Дом Эрейбу
Пиррас невольно вздрогнул, внемля последней фразе, и чуть слышно выругался.
– Что я могу тебе предложить, кроме золота? – прохрипел он.
– Как ни странно, меня интересует многое. – Черные глаза сверкали, уродливая щель рта кривилась от необъяснимого веселья. – Я готов назвать свою цену, но сначала мы поговорим о том, как тебе помочь.
Пиррас выразил свое согласие нетерпеливым жестом.
– По-твоему, кто мудрее всех на свете? – спросил вдруг отшельник.
– Египетские жрецы, чьими каракулями испещрены вон те пергаменты и папирусы, – ответствовал варвар.
Гимиль-ишби отрицательно покачал головой; на стене заплясала его тень – силуэт огромного стервятника, терзающего полумертвую жертву.
– Никто из них не был таким мудрым и могучим, как служители Тиамат.
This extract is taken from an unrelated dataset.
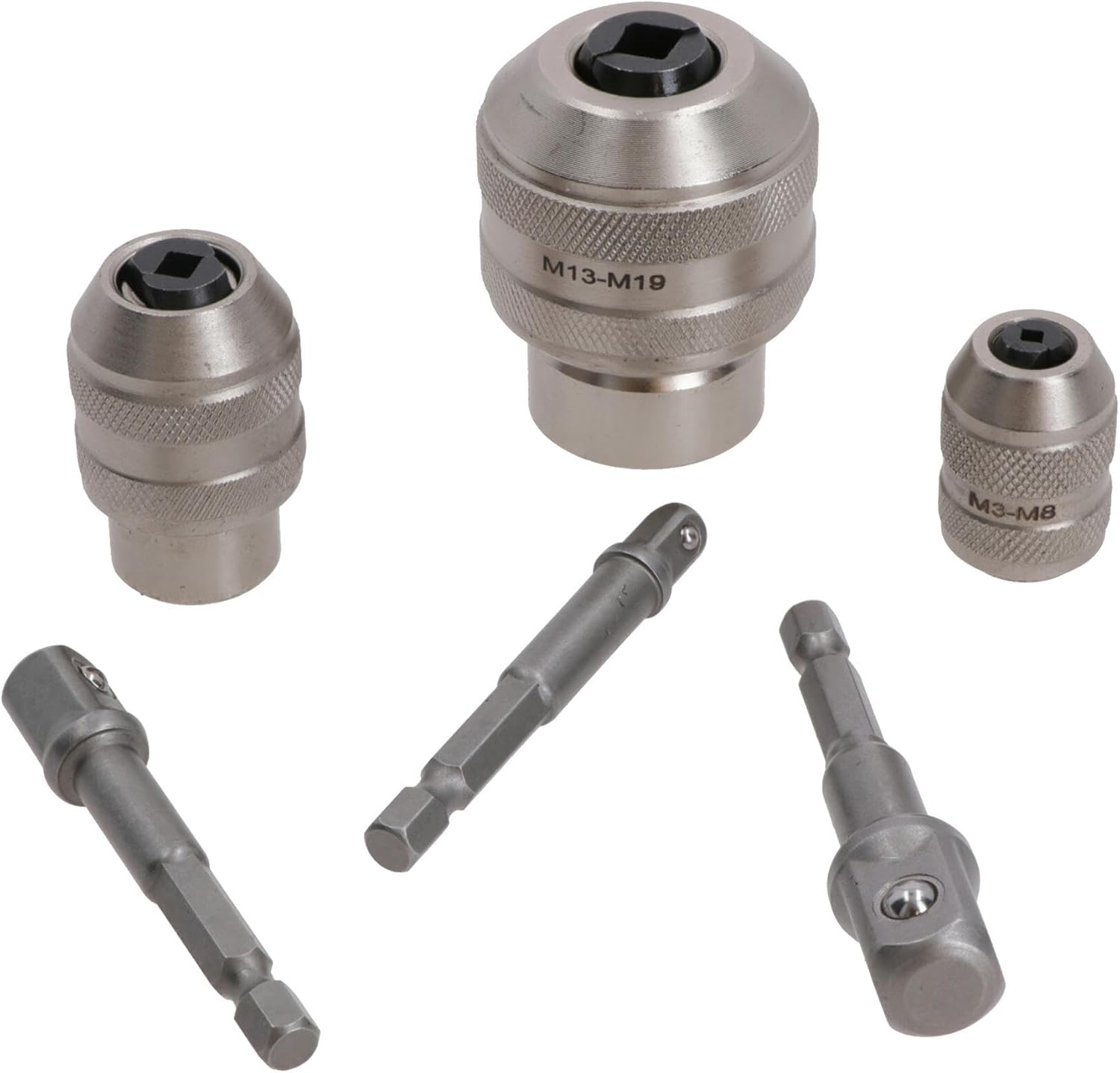 Professional adjustable tap sockets for commercial or occasional use Mixed drive adjustable tap socket set Set includes 1/4in, 3/8in and 1/2in drive tap sockets As well as this comes with 3 x 1/4in shank hex adaptors for easy attachment onto drill Suitable for tapping and reaming in tight spaces Fully adjustable design makes it suitable for other tools with a square shank such as reamers and screw extractors Comes with 3 different sized square drive adaptors so that as well as being used on a normal ratchet the tap sockets can also be used on a socket driver or impact drill Knurled ring helps to tighten taps securely Manufactured from CR-Mo steel for maximum strength and durability For accurate results each time Ideal in areas with tight restricted spaces Suitable for taps varying from 3mm – 19mm As well as this also suitable for imperial sized taps as well Fully adjustable jaws Easily change and attach dies SET INCLUDES THE FOLLOWING 1 x 1/4in Drive Tap Socket for M3 – M8 taps 1 x 1/4in Drive Tap Socket for M5 – M12 taps 1 x 1/4in Drive Tap Socket for M13 – M19 taps 1 x 1/4in hex drive to 1/4in square drive adaptor 1 x 1/4in hex drive to 3/8in square drive adaptor 1 x 1/4in hex drive to 1/2in square drive adaptor Comes in a blow molded case for easy storage and transportation

Глупцы верят, что она погибла давным-давно от меча Эйи, но Тиамат бессмертна и по сей день властвует над тенями, осеняя их своими черными крьшами.
– Ничего об этом не слышал, – невнятно пробормотал Пиррас.
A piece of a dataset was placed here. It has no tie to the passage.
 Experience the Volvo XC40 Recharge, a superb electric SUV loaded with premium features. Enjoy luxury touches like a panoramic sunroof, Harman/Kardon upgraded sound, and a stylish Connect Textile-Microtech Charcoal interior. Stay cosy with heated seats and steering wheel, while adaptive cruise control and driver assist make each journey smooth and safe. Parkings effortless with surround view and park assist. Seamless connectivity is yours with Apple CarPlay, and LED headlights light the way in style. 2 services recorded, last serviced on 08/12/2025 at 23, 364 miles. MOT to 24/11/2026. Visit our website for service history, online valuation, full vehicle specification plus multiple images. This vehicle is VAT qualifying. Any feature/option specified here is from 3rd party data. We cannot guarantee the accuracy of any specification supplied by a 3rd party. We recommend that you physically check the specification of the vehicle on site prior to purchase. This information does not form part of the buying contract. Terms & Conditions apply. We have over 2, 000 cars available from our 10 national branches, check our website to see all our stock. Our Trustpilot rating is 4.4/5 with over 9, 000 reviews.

– Люди в городах не ведают о том, о чем не желают ведать. Довольно и того, что я об этом знаю, что знают заброшенные пустоши и старые развалины, камышевые топи, древние курганы и темные пещеры. Там нередко встретишь крылатых обитателей Дома Эрейбу.
– Я полагал, что из этого Дома никому нет выхода, – промолвил аргайв.
– И верно, и неверно: никто из людей не возвращается оттуда, слуги же Тиамат входят и выходят по собственному желанию.
В наступившей тишине Пиррас размышлял, представляя себе эту обитель мертвых, какой ее описывали шумерцы: огромнейшая пещера, пыльная, темная и тихая; по ней скитаются лишенные человеческого облика души умерших, не зная радости и любви, из всех людских качеств сохранив лишь ненависть ко всему живому, оставшемуся за чертой, которую дважды не перешагнуть.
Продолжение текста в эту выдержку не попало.